Single-cell lineage tracing provides crucial insights into the fates of individual cells. Single-cell RNA sequencing (scRNA-seq) is commonly applied in modern biomedical research, but genetics-based lineage tracing for scRNA-seq data is still unexplored. Variant calling from scRNA-seq data uniquely suffers from “expressional drop-outs,” including low expression and allelic bias in gene expression, which presents significant obstacles for lineage reconstruction. We introduce SClineager, which infers accurate evolutionary lineages from scRNA-seq data by borrowing information from related cells to overcome expressional drop-outs. We systematically validate SClineager and show that genetics-based lineage tracing is applicable for single-cell-sequencing studies of both tumor and non-tumor tissues using SClineager. Overall, our work provides a powerful tool that can be applied to scRNA-seq data to decipher the lineage histories of cells and that could address a missing opportunity to reveal valuable information from the large amounts of existing scRNA-seq data.

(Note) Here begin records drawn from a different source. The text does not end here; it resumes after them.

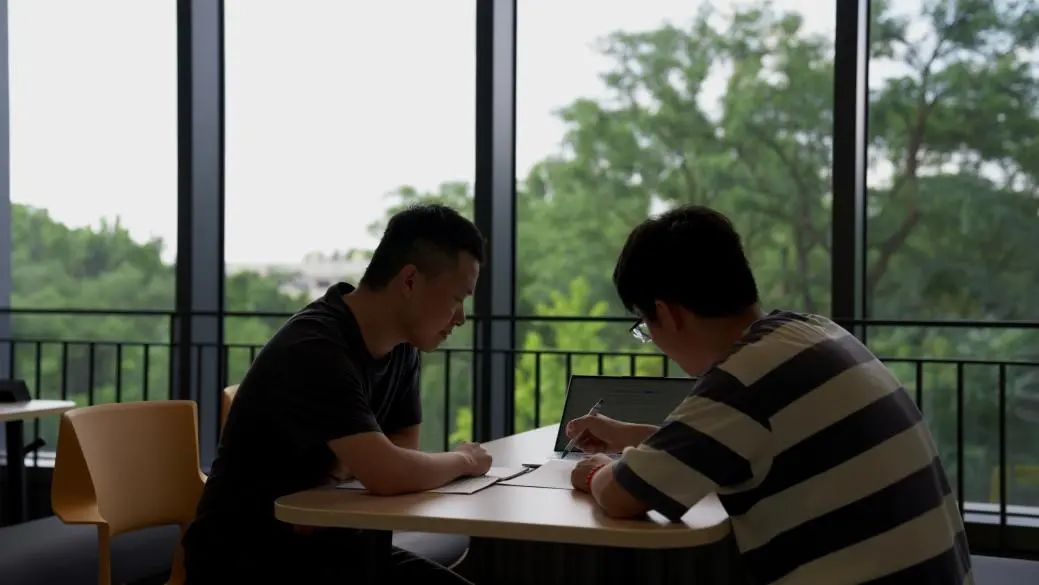 鲍凡(左一)和同学讨论问题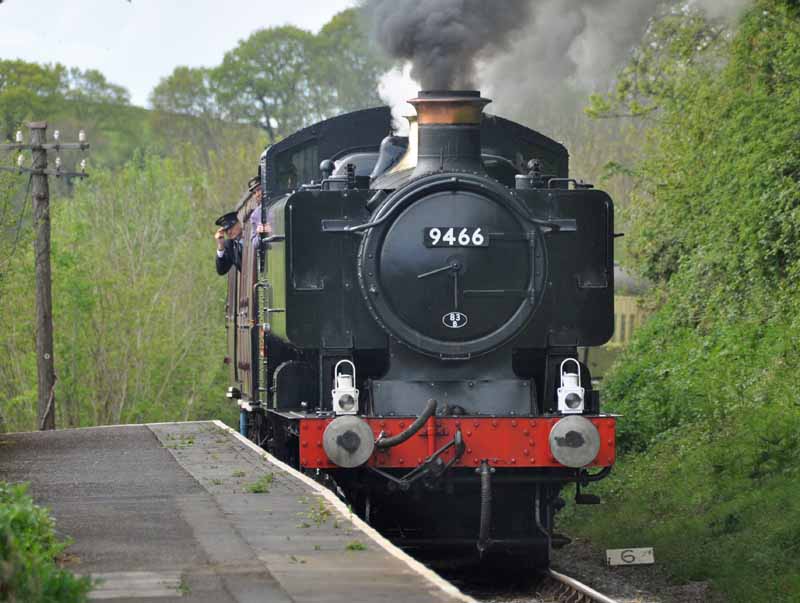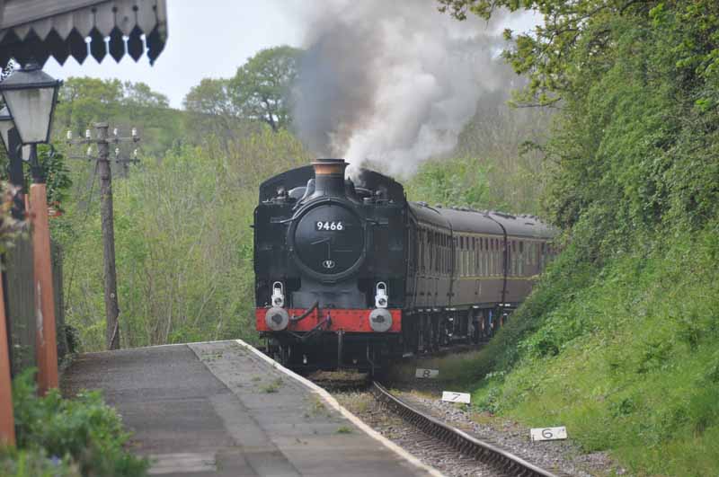 1054 waits as 9466 arrives at crowcombe Heathfield.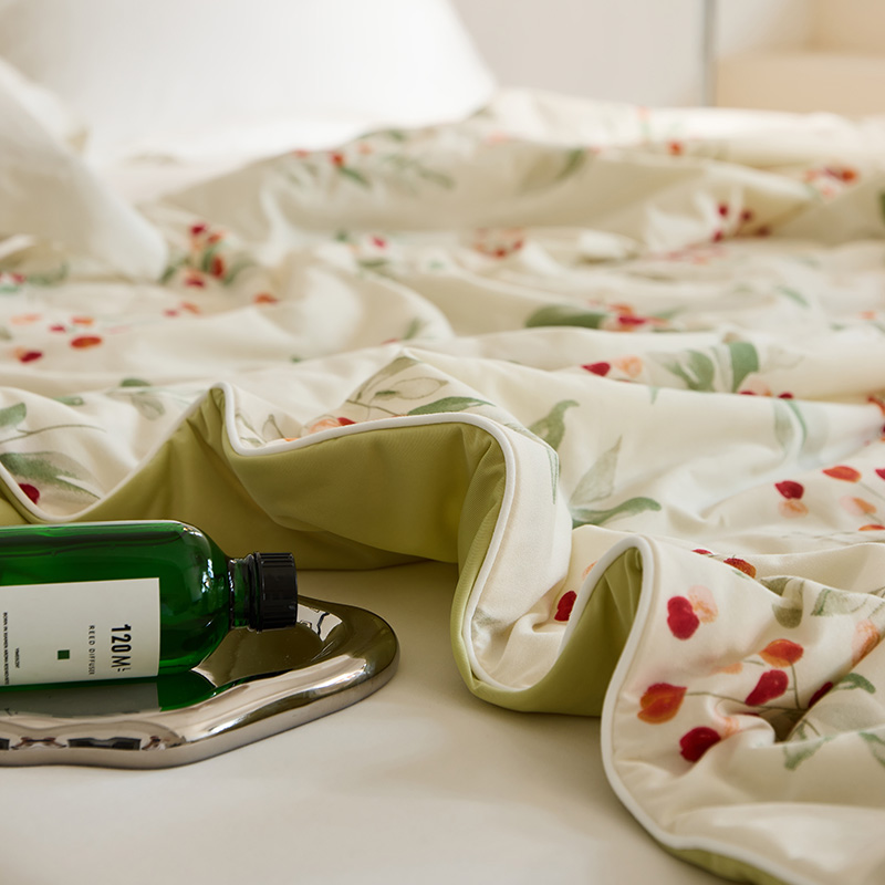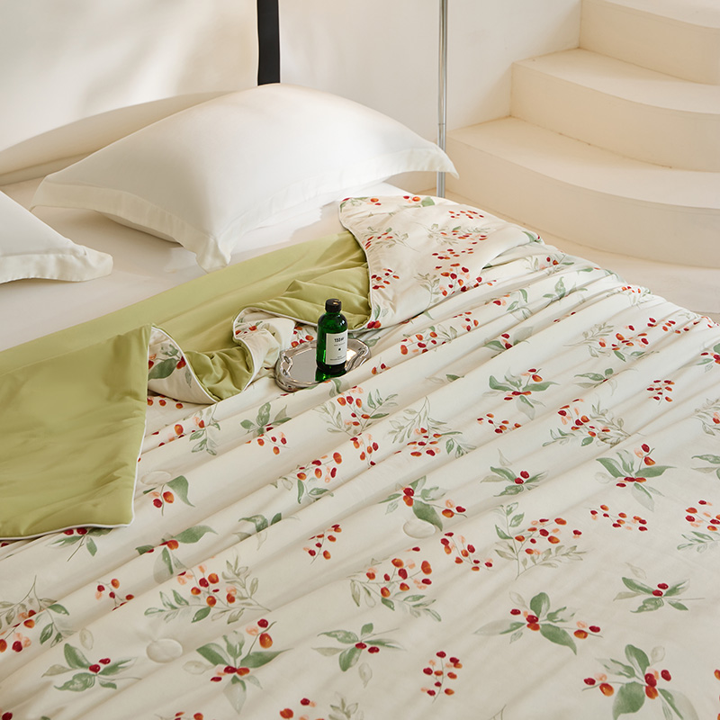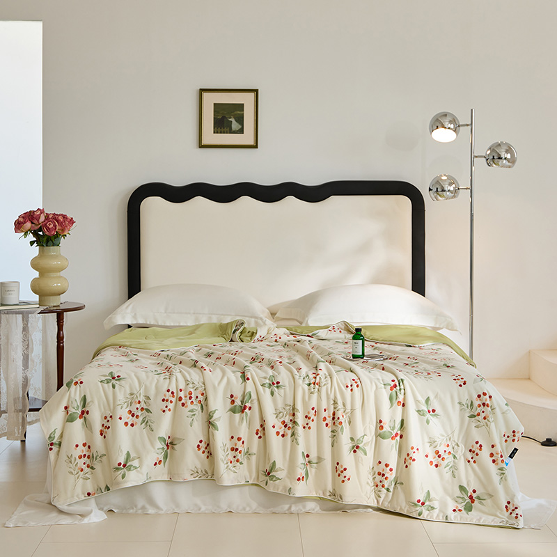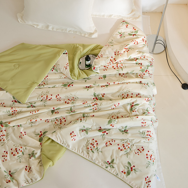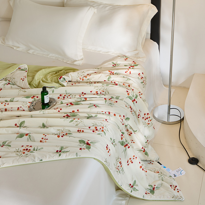 A面针织棉数码印花面料,花色靓丽,B面黑科技凉感丝,天热盖凉感面,天冷盖棉面,人性化设计,一被多用

机译:单细胞谱系跟踪为单个细胞的命运提供了重要的洞察力。单细胞RNA测序(ScRNA-SEQ)通常应用于现代生物医学研究,但基于遗传的谱系追踪SCRNA-SEQ数据仍然是未开发的。来自ScRNA-SEQ数据的变体呼叫唯一地遭受“表达辍学”,包括基因表达中的低表达和等位基因偏压,这提出了谱系重建的重要障碍。我们介绍Sclineager,它通过借用相关细胞借用从相关细胞借用以克服表达的辍学来源的精确进化谱系。我们系统地验证了SclineAger,并表明基于遗传学的谱系跟踪适用于使用Scllineger的肿瘤和非肿瘤组织的单细胞排序研究。总的来说,我们的工作提供了一种强大的工具,可以应用于ScrNA-SEQ数据以破译细胞的谱系历史,这可能会解决从大量现有SCRNA-SEQ数据中揭示有价值信息的遗失机会。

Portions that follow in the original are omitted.